(Records excerpted from a collection)
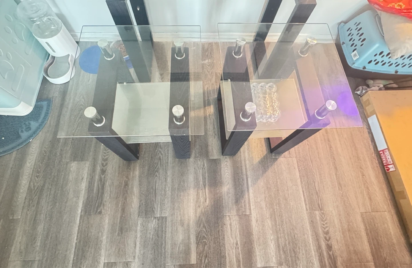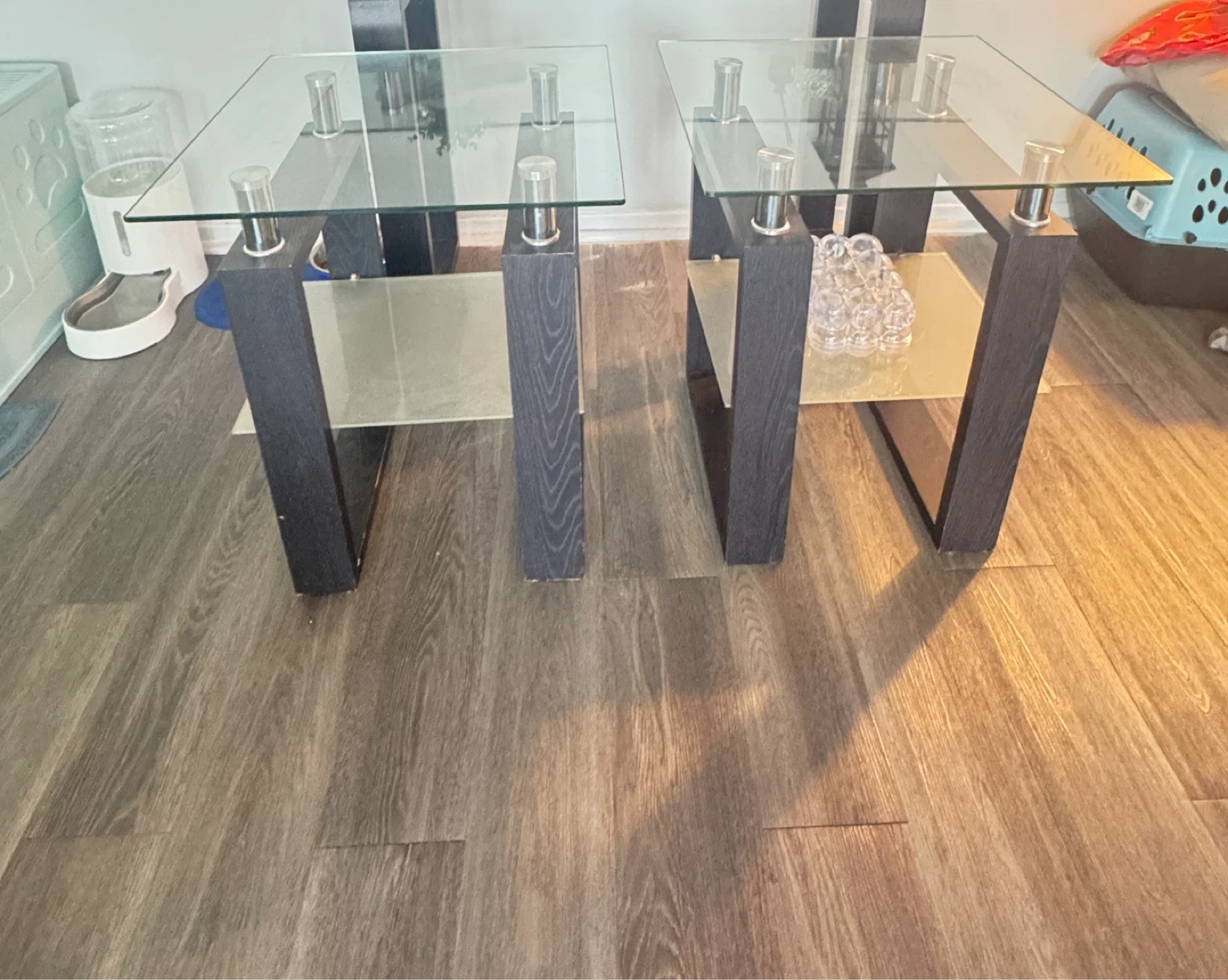 Condition: 4.5 /5 ( Well maintained and has a few minor wood chips) Selling a pair of glass top end tables. They have a modern look with a black wood-like frame and a clear glass top. There's also a lower shelf for extra storage or display. Perfect for adding a touch of elegance to your living room or bedroom. Pick up near Oxford Street West
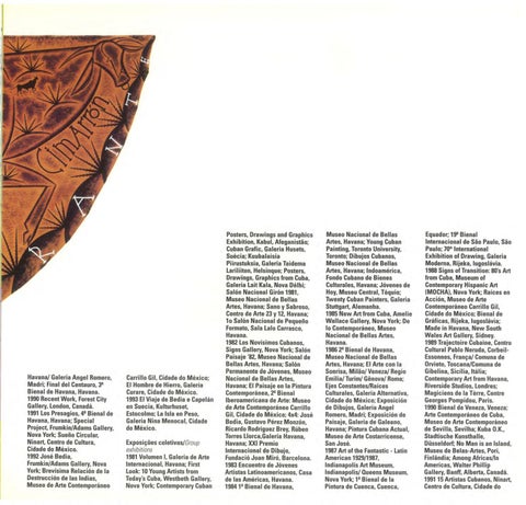 Equador; 19ª Bienal Internacional de São Paulo, São Paulo; 70th International Exhibition of Drawing, Galeria Moderna, Rjjeka, lug,oslávia. 1988 Signs of Transition: 80's Art from Cuba, Museum of Contemporary Hispanic Art (MOCHA), Nova Vork; Raíces en Acción, Museo de Arte Contemporáneo Carrillo Gil, Cidade do México; Bienal de Gráficas, Rijeka, Iugoslávia; Made in Havana, New South Wales Art Gallery, Sidney. 1989 Trajectoire Cubaine, Centro Cultural Pablo Neruda, CorbeilEssonnes, França/ Comuna de Orvieto, Toscana/Comuna de Gibelina, Sicília, Itália; Contemporary Art from Havana, Riverside Studios, Londres; Magiciens de la Terre, Centre Georges Pompidou, Paris. 1990 Bienal de Veneza, Veneza; Arte Contemporáneo de Cuba, Museo de Arte Contemporáneo de Sevilla, Sevilha; Kuba O.K., Stadtische Kunsthalle, Düsseldorf; No Man is an Island, Museu de Belas-Artes, Pori, Finlândia; Among Africas/ln Americas, Walter Phillip Gallery, Banff, Alberta, Canadá. 199115 Artistas Cubanos, Ninart, Centro de Cultura, Cidade do
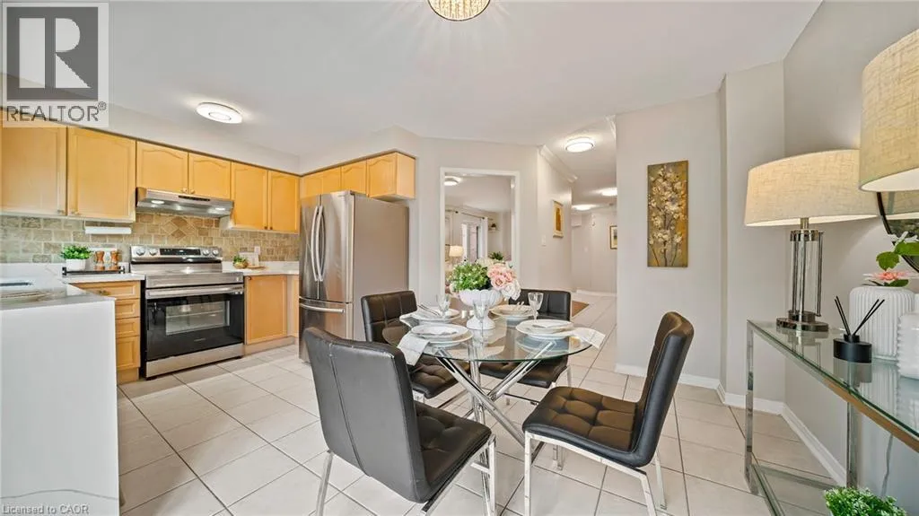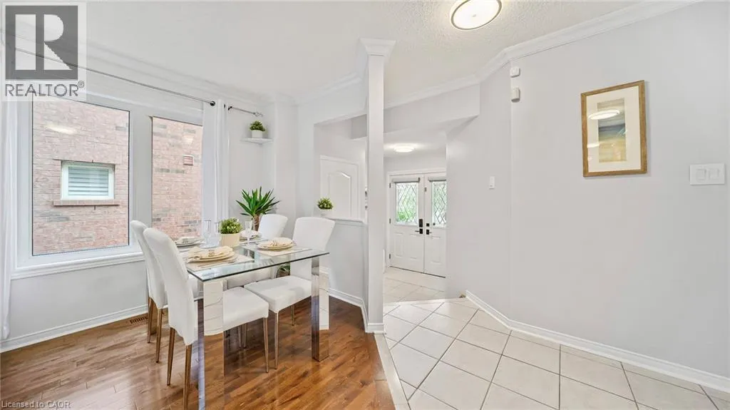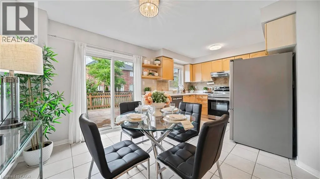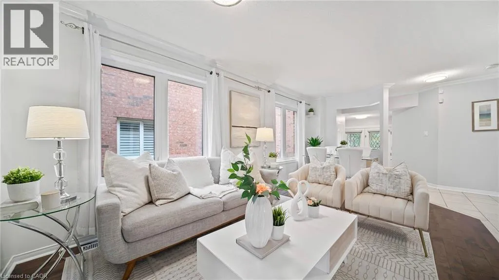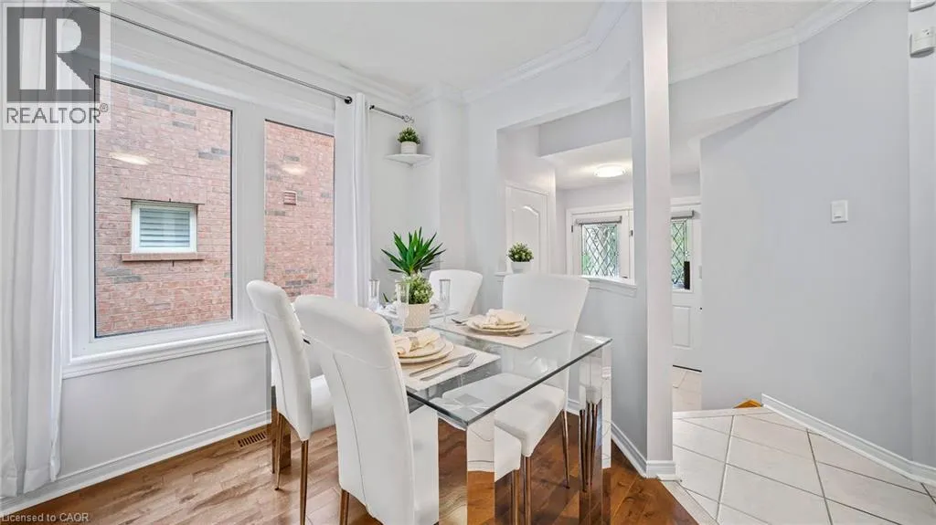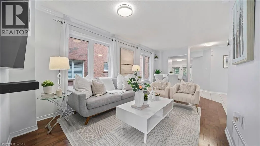 Thomas St & Tenth Line Absolutely stunning semi-detached home in the highly sought-after Churchill Meadows community. Offering 3 spacious bedrooms, 2.5 baths, and one of the largest layouts on the street, this property is surrounded by detached homes, adding long-term value and appeal. Step inside through a custom double-door entry to a bright, welcoming hallway with garage access. The open-concept living and dining area features large windows that flood the space with natural light and wood flooring throughout the main and upper levels. The chef-inspired kitchen is equipped with stainless steel appliances, new quartz countertops, a large window over the double sink, and an inviting breakfast area with a walkout to a private deck. Perfect for morning coffee or family gatherings, the fenced yard offers a serene retreat with a sun-shelter and plenty of space to enjoy. Upstairs, the sun-filled family room provides a versatile space that can also be used as a fourth bedroom. The primary suite features double-door closets and a 4-piece ensuite, while the additional bedrooms are generously sized with ample storage. The basement offers endless potential for a recreation room, home office, or gym. Interlocking brick on the front pathway adds curb appeal. A newly installed heat pump ensures year-round comfort and energy efficiency. Conveniently located just steps to FreshCo, Tim Hortons, top schools, parks, trails, public transit, Highways 401, 407, and QEW, this home truly combines comfort, style, and convenience in one of Mississauga's most desirable neighborhoods. (id:27476)
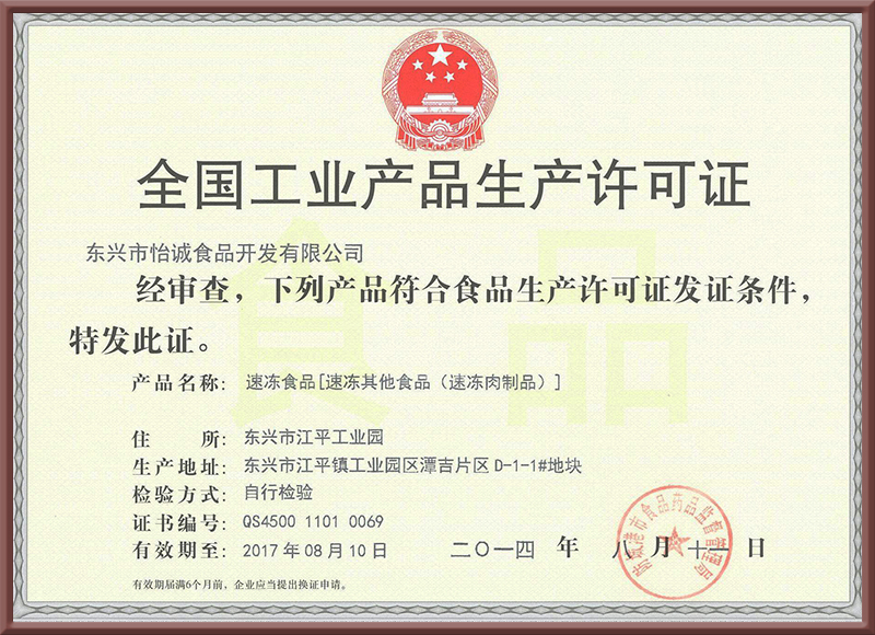 生產(chǎn)許可證(速凍產(chǎn)品)
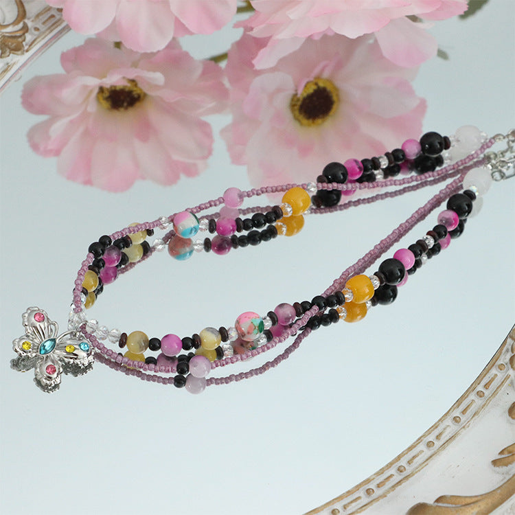 Jede Halskette ist ein Meisterwerk handwerklicher Kunstfertigkeit und besteht aus hochwertigen Reisperlen und Natursteinen, die von erfahrenen Händen sorgfältig miteinander verbunden werden. Die Reisperlen, die für ihre glatte Textur und ihr glänzendes Finish bekannt sind, verflechten sich nahtlos mit den Natursteinen und erzeugen eine harmonische Verschmelzung von Texturen und Farben.
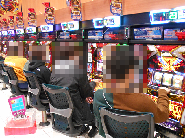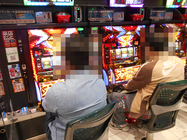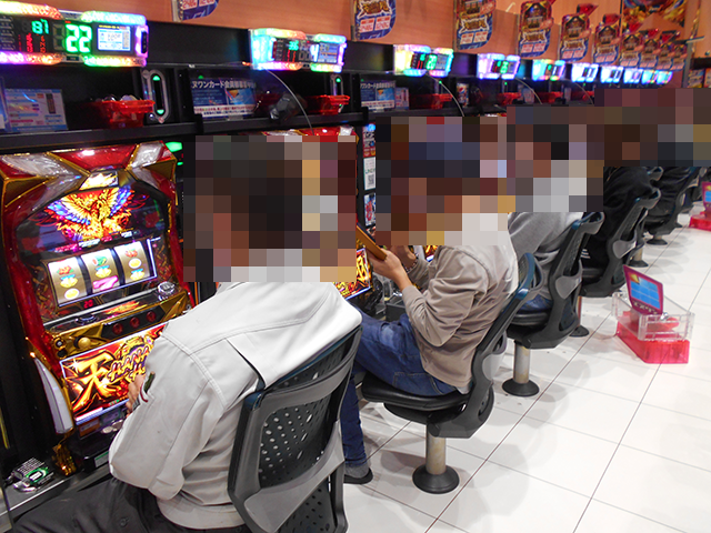 パチンコとパチスロの両方がにぎわっており、随所に華やかな光景が広がっていた。
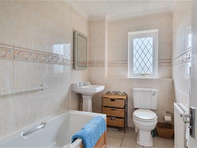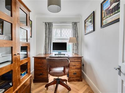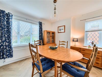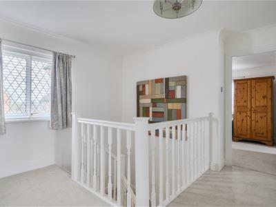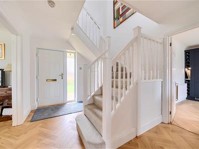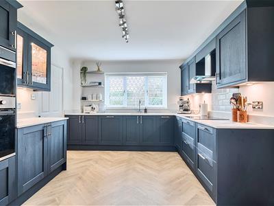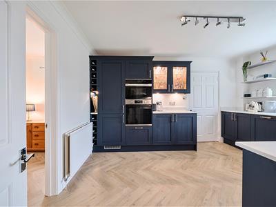 A light welcoming hallway with herringbone style flooring has an opening through to a 19ft dual aspect sitting room with sliding doors to the rear and a bay window to the front. There is an ideal work from home study and a stylish refitted downstairs cloakroom. The owners have installed a beautiful contemporary kitchen with quartz effect worktops and upstands and new flooring. The kitchen comes well equipped with an integrated fridge/freezer, combination microwave oven, dishwasher and 4 ring induction hob with extractor hood. A separate dual aspect dining room is set off the kitchen and has the potential to be knocked through into one room if so desired. Upstairs, the property benefits from new carpets and features a lovely gallery landing with four bedrooms, an en suite bathroom plus the main family bathroom, ensuring convenience and ease during busy mornings.
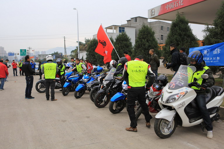 到達(dá)加油站,會晤連江火狼機車俱樂部車友。
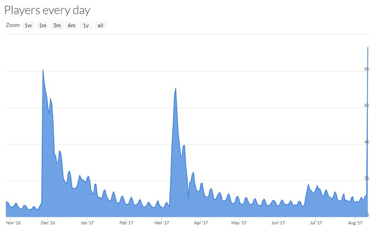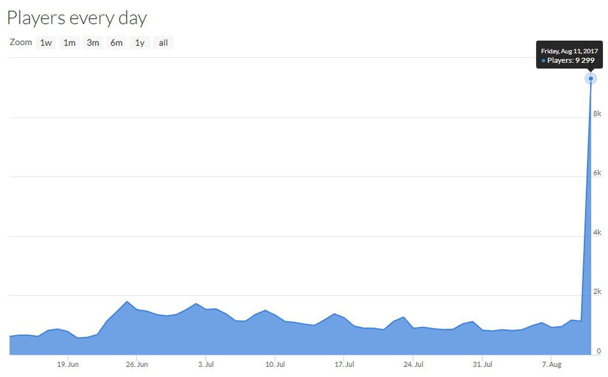 Так много людей играли в No Man's Sky только в первые недели после релиза. Уже в начале сентября прошлого года, через три недели после выхода, максимальный онлайн Steam-версии игры едва достигал 9 тысяч игроков. Теперь No Man's Sky, пусть и на какое-то время, смог вернуться к этому показателю.
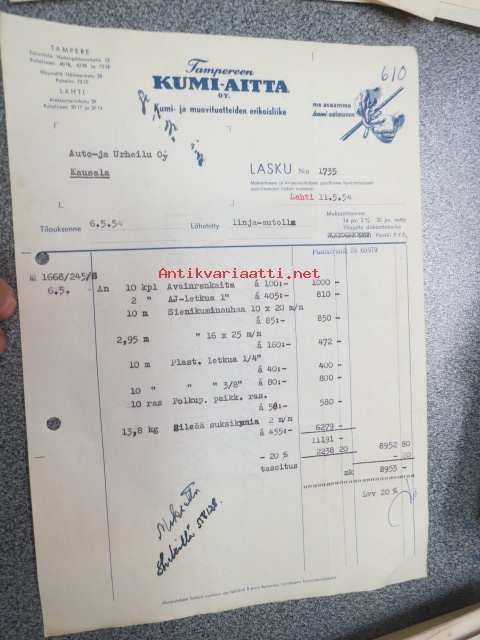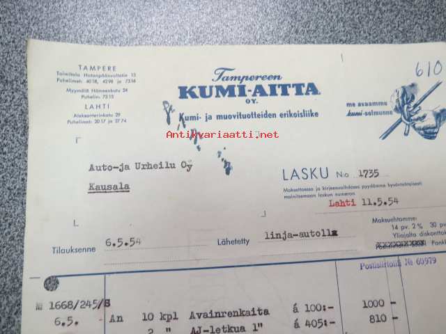 Tampereen Kumi-Aitta Tampere 11.5.1954 -asiakirja

- **TASK BRIEF**:
Copy exactly the lines from the line containing "Так много людей" through the last line of the records, both included, and omit every picture.

- **ANSWER TO THIS PROBLEM**:
 Так много людей играли в No Man's Sky только в первые недели после релиза. Уже в начале сентября прошлого года, через три недели после выхода, максимальный онлайн Steam-версии игры едва достигал 9 тысяч игроков. Теперь No Man's Sky, пусть и на какое-то время, смог вернуться к этому показателю.
 Tampereen Kumi-Aitta Tampere 11.5.1954 -asiakirja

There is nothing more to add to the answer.